[Commons-l] [Wikitech-l] License information (was: PDF/Collection feature live on de.wikibooks)

Fri Jan 30 16:42:28 UTC 2009

On Fri, Jan 30, 2009 at 12:55 AM, Brianna Laugher
<brianna.laugher at gmail.com> wrote:
> 2009/1/30 Johannes Beigel <johannes.beigel at pediapress.com>:
>> On 29.01.2009, at 13:48, Brianna Laugher wrote:
>>  > On Wikimedia Commons a little bit of work has been done to this end:
>>  > <http://commons.wikimedia.org/wiki/Commons:Commons_API>
>>
>> We've been aware of this page and Magnus' implementation, and we think
>> it looks really good!
>>
>> The information is (AFAIK) scraped from the rendered XHTML of
>> articles. This could be done in a less error-prone way (and more
>> efficiently) if the data would be stored and accessed via database in
>> some way. Of course this would require some discussion, formal
>> decisions and code changes. But as I stated in an earlier post: I
>> think MediaWiki is so widely used by people who want to share and
>> collaborate on free content, that it's not too farfetched to build
>> some "license infrastracture" into the software itself.
>
> I agree that it makes a lot of sense. But because it would be a big
> change, I fear that unless the lead developers show great enthusiasm
> for the idea, it will take a very long time to be accepted and
> completed. Whereas building an "add-on" tool can be faster to get to
> point of functionality.
>
> It may be a good idea to try and build the Commons API to mimic the
> MediaWiki API, imagining that in the future such information will be
> available via that. So then hopefully for now people could use the
> Commons API, and in the future switch to the MediaWiki API by just
> changing the API URL, and all their queries could stay the same.

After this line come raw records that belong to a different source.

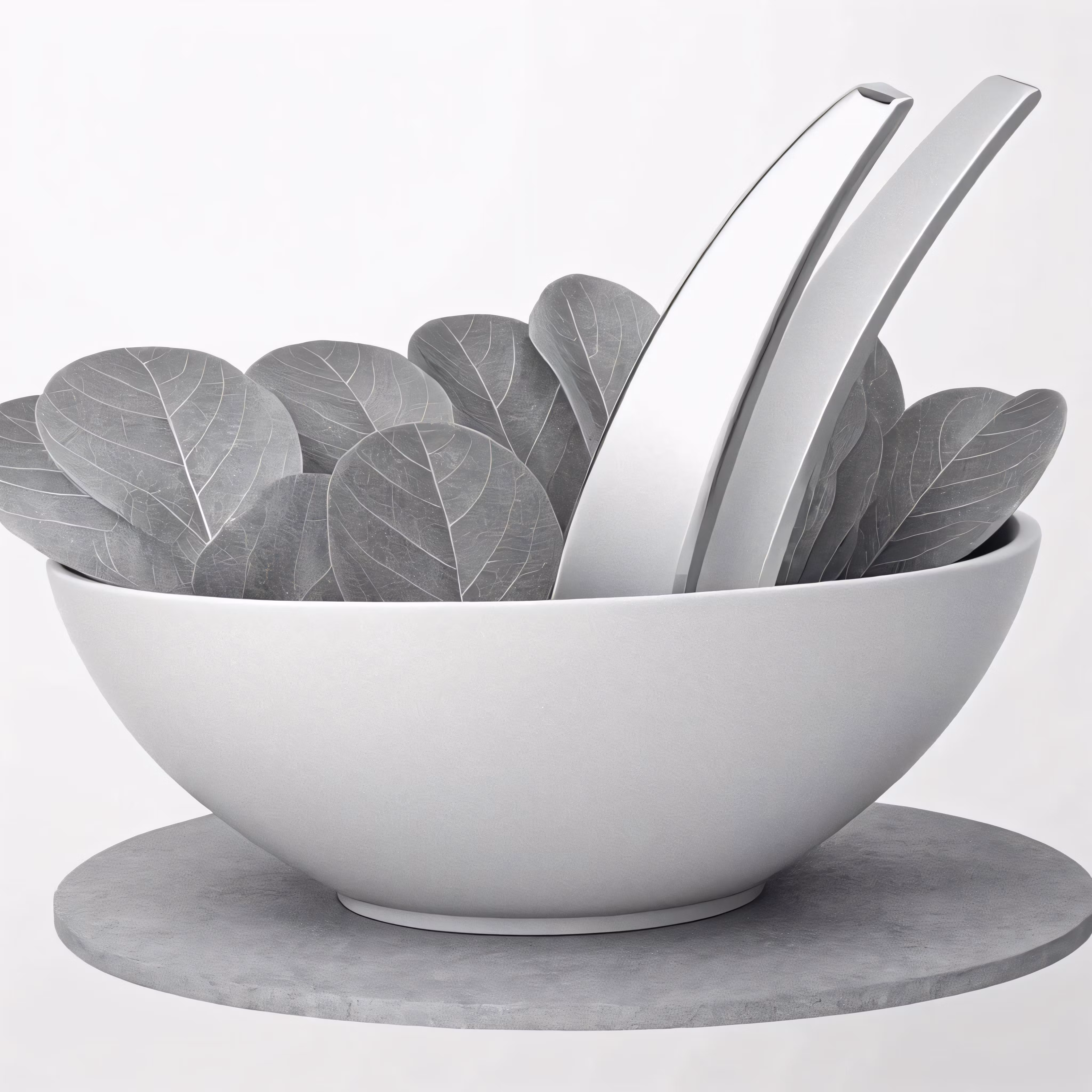 High resolution picture, free to use, the official logo for the 50 /a white bowl filled with metal leaf sculptures
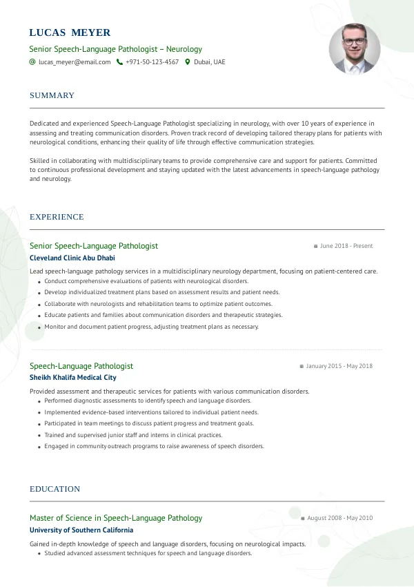 As the field evolves, Senior Speech-Language Pathologists in 2026 will need to master new tools such as virtual reality therapy applications and advanced speech analysis software. These emerging skills not only enhance your professional profile but also align with Golden Visa considerations by demonstrating your economic contribution to the healthcare sector.
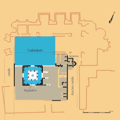 À quoi il faut ajouter, comme on l’a dit, la possible, voire probable installation d’une résidence épiscopale dans l’îlot d’habitation installé sur l’autre rive du cardo qui longeait les édifices de culte et leurs annexes. L’hypothèse est d’autant plus vraisemblable que les recherches récentes de Françoise Paone auprès de la cathédrale de Marseille ont montré que, dans cette ville, le palais épiscopal antique était également séparé du groupe cathédral par une rue.
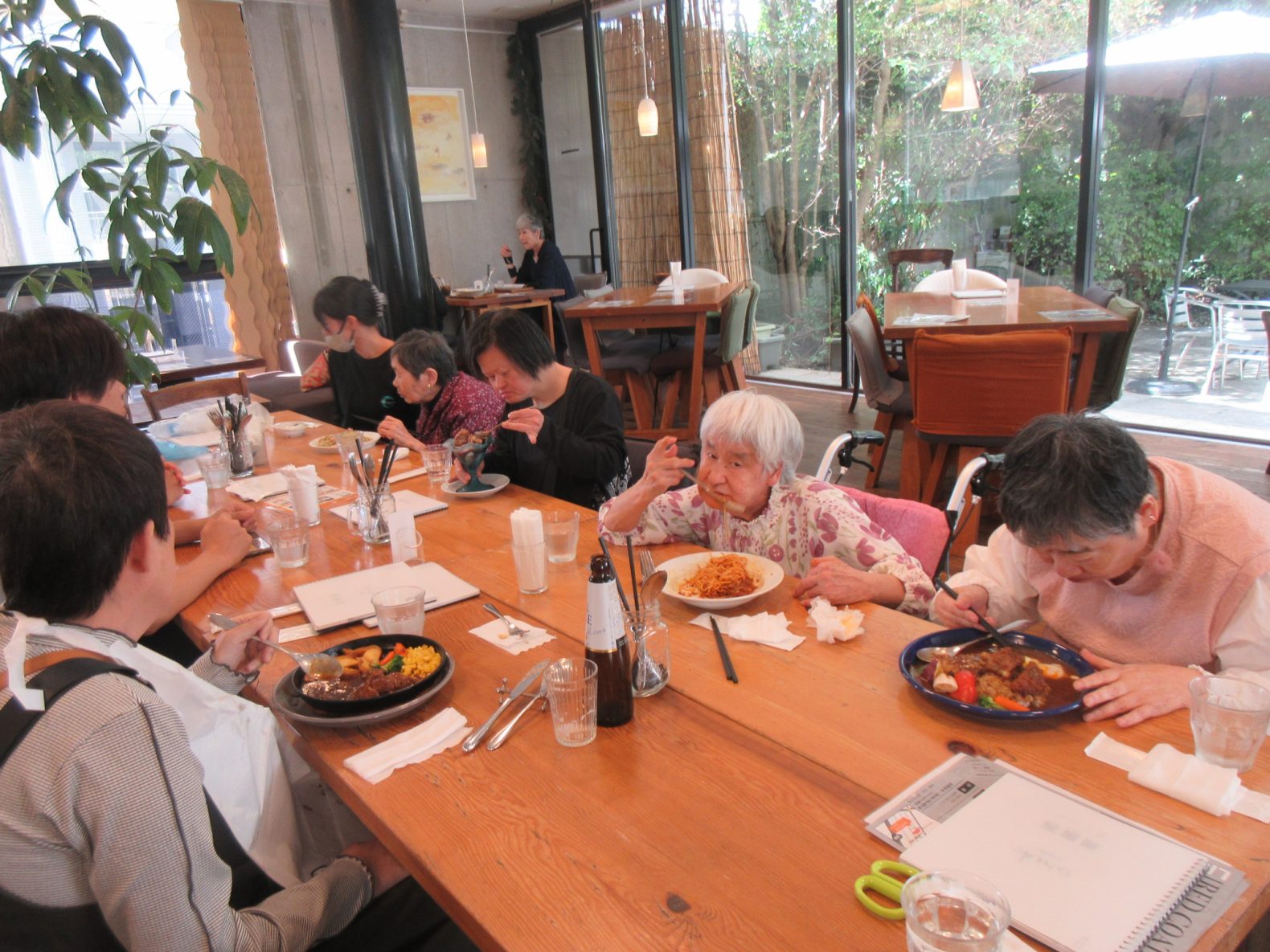 ランチクラブでは男性が10/1(火)びっくりドンキー折尾浅川店、黒崎店へ、女性が10/4(金)直方の農家の食卓、飯塚のアルクカフェへ、それぞれ2班に分かれて行きました。ハンバーク、しょうが焼き、オムライスなど好きな食べ物を選び、食後のデザートや飲み物なども頼まれ、普段とは違った食事ができて、満足されていた様子でした。
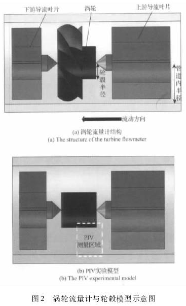 實驗在中國科大水平循環(huán)水實驗平臺上進行,實驗采用20mm口徑的柴油計量表,量程范圍是1~80方/天,其中較好線性段范圍是5~50方/天,流量計渦輪為等重疊度渦輪(不同半徑位置葉柵重疊度相同),具體參數(shù)如表1所示,這種流量計在大慶油田的生產(chǎn)測井中廣泛應(yīng)用,其結(jié)構(gòu)如圖2(a)所示。來流經(jīng)過一段導(dǎo)流葉片整流后進入渦輪的環(huán)空空間,驅(qū)動葉輪轉(zhuǎn)動,輸出響應(yīng)信號。在柴油計量表的線性響應(yīng)區(qū)間中,處于穩(wěn)定轉(zhuǎn)動時渦輪葉片對流體的干擾較少,相對來流攻角較小,對流體的軸向速度分布基本沒有影響,僅會稍稍增加其周向轉(zhuǎn)速。因而為了測量柴油計量表入口速度分布,特別制作了各參數(shù)與實際渦輪相同但并無葉片的透明外殼輪轂?zāi)P停鐖D2(b)所示,通過PIV手段,對管道中軸面上輪轂和管壁之間的區(qū)域的軸向速度分布進行剖面測量。輪轂?zāi)P桶惭b在待測柴油計量表的上游,相距超過2m以保證二者之間無相互干擾。實驗流速范圍在5~25方/天,在管路下游采用時間-質(zhì)量法獲得真實流速,通過光學(xué)觀測獲得柴油計量表葉輪的真實轉(zhuǎn)動頻率,同時采用PIV技術(shù)測量輪轂?zāi)P椭械乃俣确植肌?br />
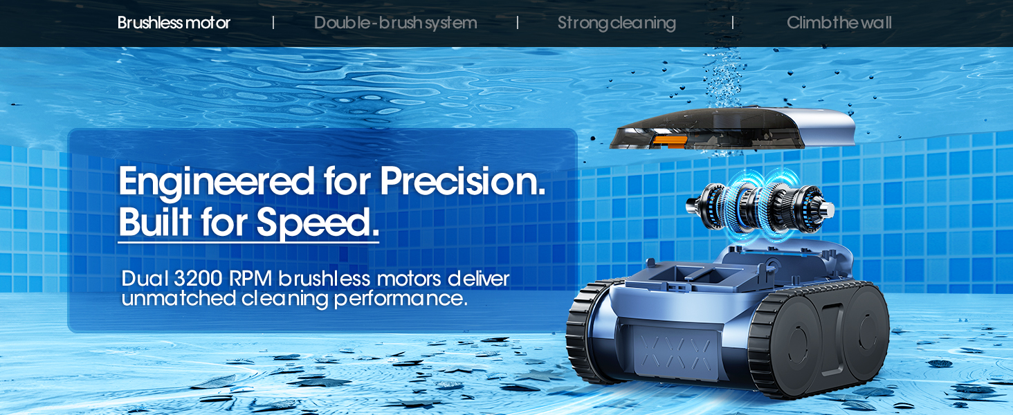 محركات مزدوجة بدون فرش بقدرة 180 وات وقوة قوية: يعمل منظف حمام السباحة بمحركين بدون فرش بقدرة 180 وات يمكن التحكم فيهما بشكل مستقل، ويوفر شفطًا قويًا ومتسقًا لإزالة كل شيء بدءًا من الحطام الناعم إلى الأوراق الثقيلة. يضمن النظام الداخلي الحاصل على تصنيف IP68 التشغيل الهادئ وعمر الخدمة الطويل والأداء الموثوق.
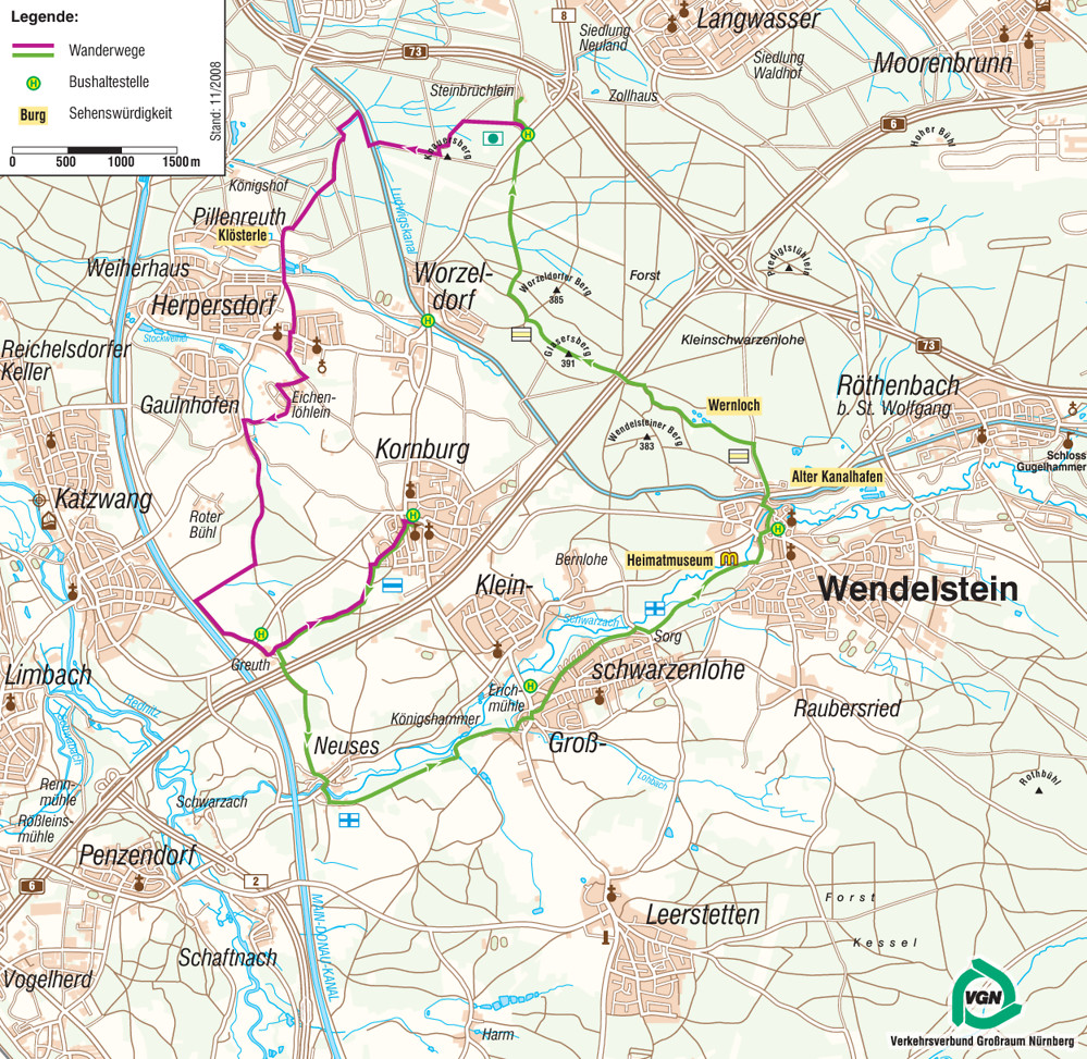 Im Linksbogen fällt der Weg später dann nach Wendelstein zur Schwarzach hinunter ab – die Spitzen der Kirche und das „Alte Rathaus“ als Anhaltspunkt. Am Ortseingang treffen wir im Enßerweg, kurz auf Kopfsteinpflaster, auf die Hauptstraße, in der wir rechts hoch zum Wendelsteiner Marktplatz laufen (9,3 km). Hier besteht von der Haltestelle „Altes Rathaus“ mit der Buslinie 602610 die Möglichkeit zur Rückfahrt nach Langwasser Mitte (Anschluss an die U1).
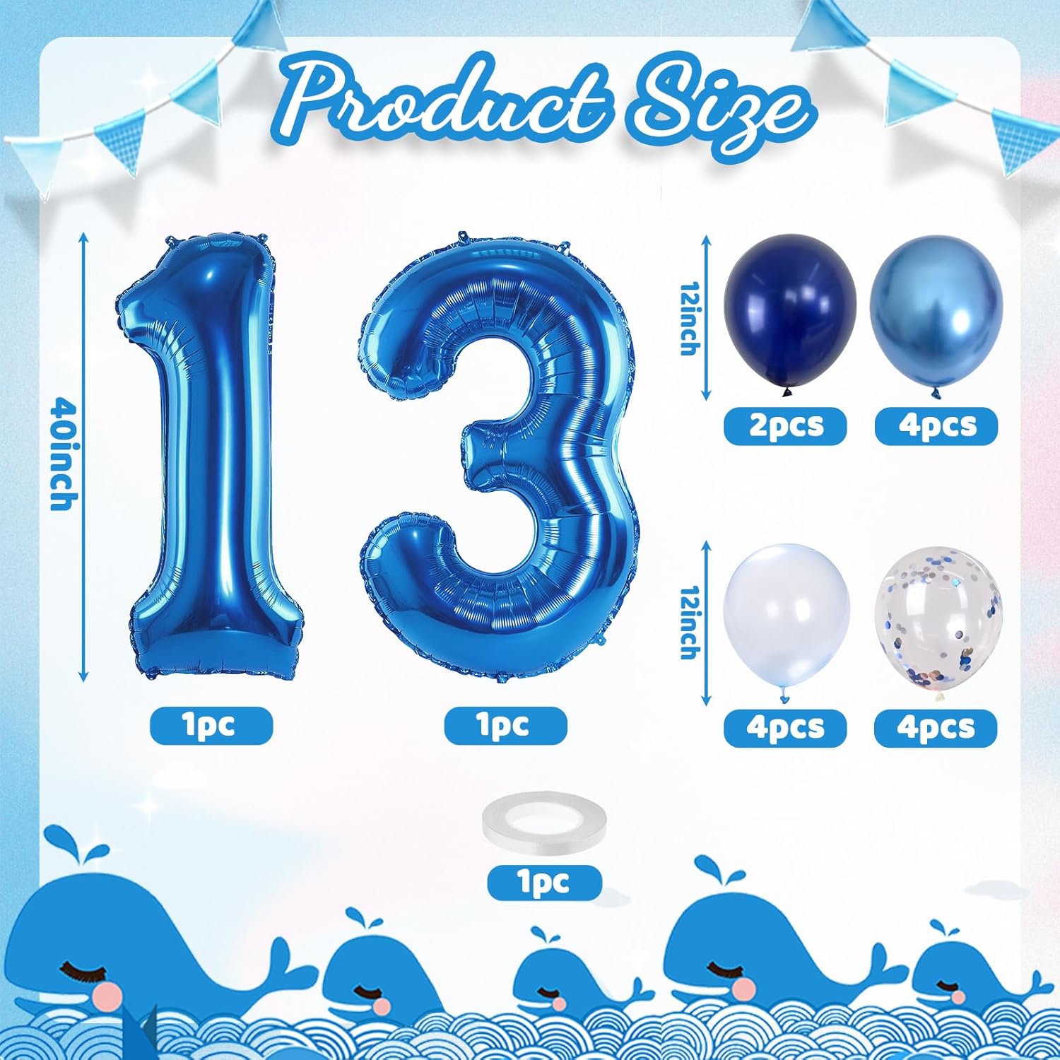 - π Dark Blue Number 13 Balloon: Our package included 40 inch foil number 13 balloon(2pcs), 12 inch metallic blue balloon(4pcs), blue silver confetti balloon(4pcs), pastel blue balloon(4pcs), Light Navy Blue Balloon(2pcs), 1pcs straw and 1 roll ribbon. Simply inflate the balloon using the straw, and you're ready to party! Navy blue number foil balloons are the best for girls or boys birthday party decoration.
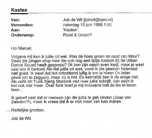 Mijn eerste discussie met een Nederlandse popjournalist was met Job de Wit in 1998. Job werkte toen bij de VPRO als radio-DJ en zou verstand hebben van funkmuziek. Ik had hem gevraagd waarom er bij VPRO-radio zo weinig funkmuziek te horen was en gaf hem wat informatie over Seven Eleven. Dat ons eerste album was geproduceerd door de New Yorkse funkartiest Menace, waarmee wij in 1995 in contact zijn gekomen via Geert van Itallie, thans directeur van de Melkweg. Dat ik, eveneens in 1995, samen met Seven Eleven bassist Dodge bij Bootsy Collins op bezoek ben geweest in Cincinnati, en dat Bootsy ons daarna uitnodigde om naar Parijs te komen om een samenwerking te bespreken. Hij trad daar op als special guest van gitarist Lucky Peterson in Le Zenith. Dan moet je als Nederlandse funkband toch wel iets betekenen. Job vond van niet. Over ons album ‘The Come Out’ schreef Job: ‘Was de hoes groen en rood van kleur? Deed die jongen erop mee die ook nog een tijdje toetsen bij de Urban Dance Squad heeft gespeeld? Als dat jullie cd was, vond ik die gewoon helemaal niet goed. En kennelijk ben ik de enige niet. Als zelfs Mr. Funk Sjeng Stokkink niet over jullie schrijft, dan weet ik het ook niet meer.’
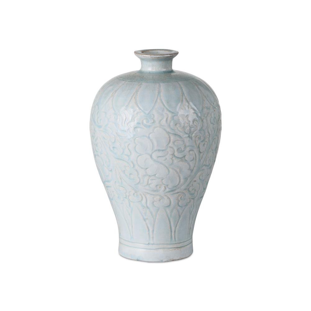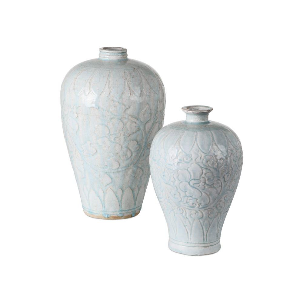 The Nanjing Celadon Vase Set is a beautifully crafted duo that reflects the rich tradition of Chinese ceramic artistry. This set includes an urn vase and a plum vase, both finished in a pale celadon glaze. Delicate cloud and lotus motifs swirl gracefully across the vases, adding texture and symbolism that evoke purity and harmony. The pair is modeled after ritual bottles from the Ming dynasty.
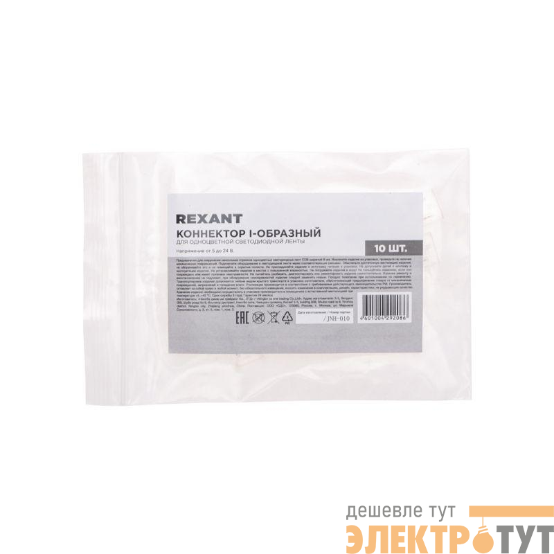 148-102 | Коннектор I-образный для одноцветной светодиодной ленты COB 8мм Rexant
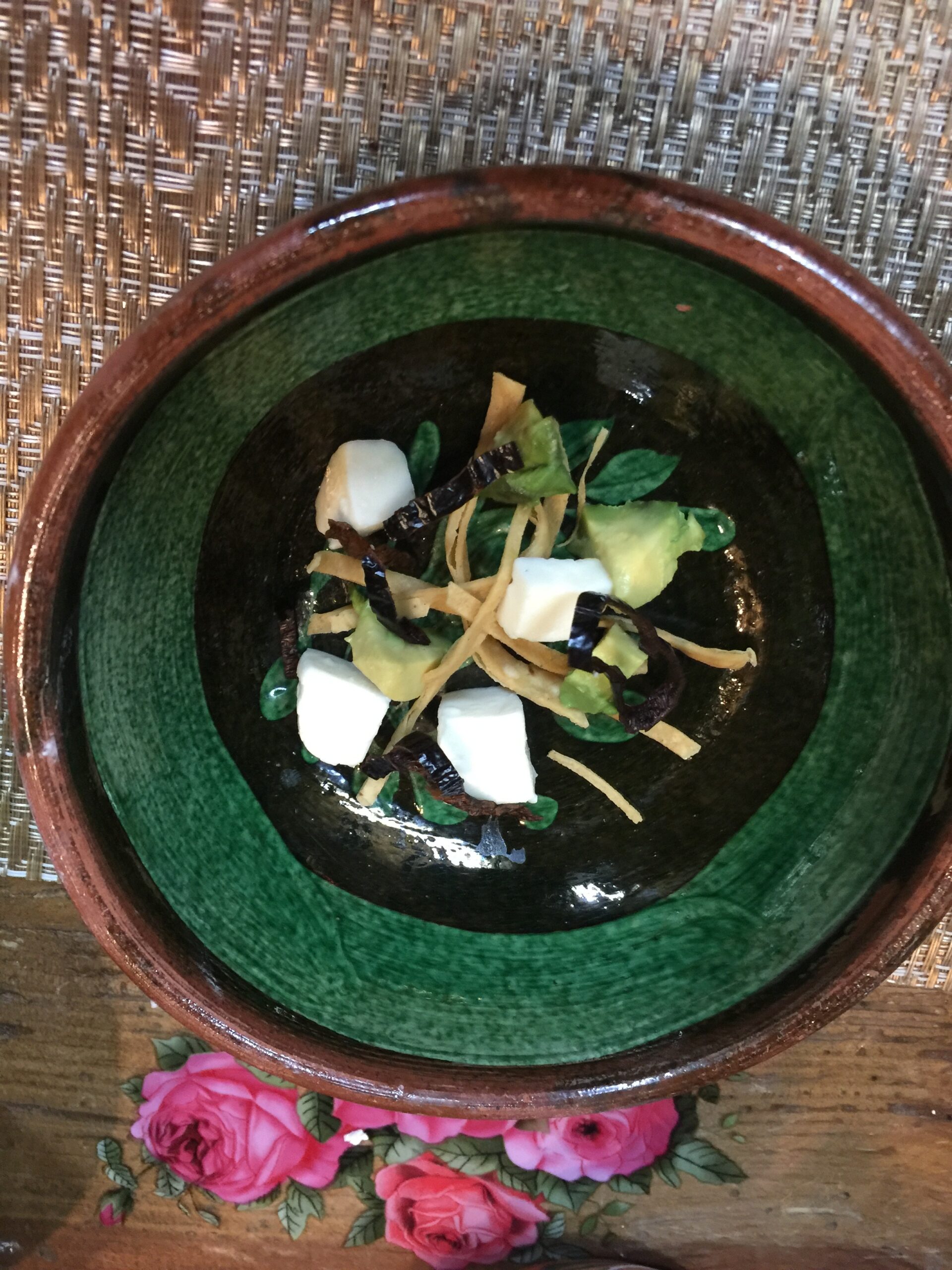 That looked a bit plain, so we garnished it with more cheese and tortilla strips.
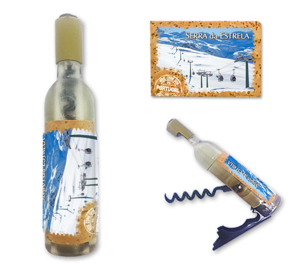Magnetic in 11,5x2,5cm, bottle format, with capsule openers and corkscrews. Application of printed natural cork, in individual packaging.
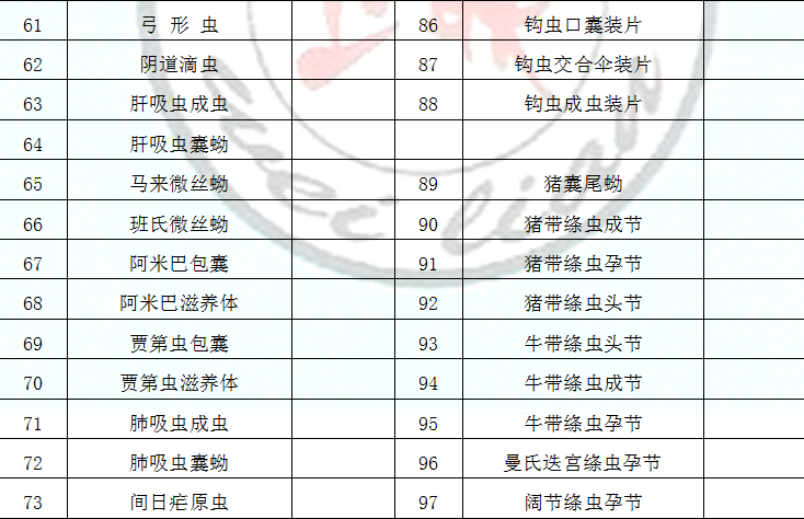 51 血吸蟲毛蚴 75 卡氏肺包囊蟲
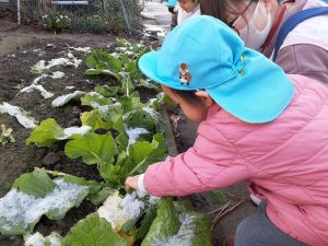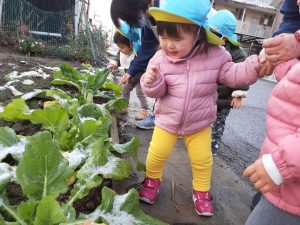 そら組のお友達はフィリオ末広保育所の近くにと~ってもかわいらしい雪だるまさんを見つけました!!

There is a big conceptual difference between the two APIs, IMHO. The
MediaWiki API can be used to query technically defined things: Link
lists, categories, template usage and so on. A Commons API (mine or
someone elses) parses the content itself for data and relations that
are not technically defined.

One way would be to add some kind of license metadata per page into
the database. This is possible, but rather specific; also, it would
likely mean to create a separate interface just for that.

The better way (IMHO) is to store all used
"page:template:parameter:value" tuples in a wiki in a separate
database table, which could be queried by the MediaWiki API. This has
been suggested time and again by me and others. It would then be much
easier for a third-party API to get the relevant data for a page. The
functionality is part of Semantic Wikimedia, but would actually scale
as a project on its own ;-)

This approach would also aloow for the integration of tools like
TemplateTiger [1] directly into Wikipedia.

Magnus

[1] http://toolserver.org/~kolossos/templatetiger/tt-table4.php?template=Persondata&lang=en&where=&is=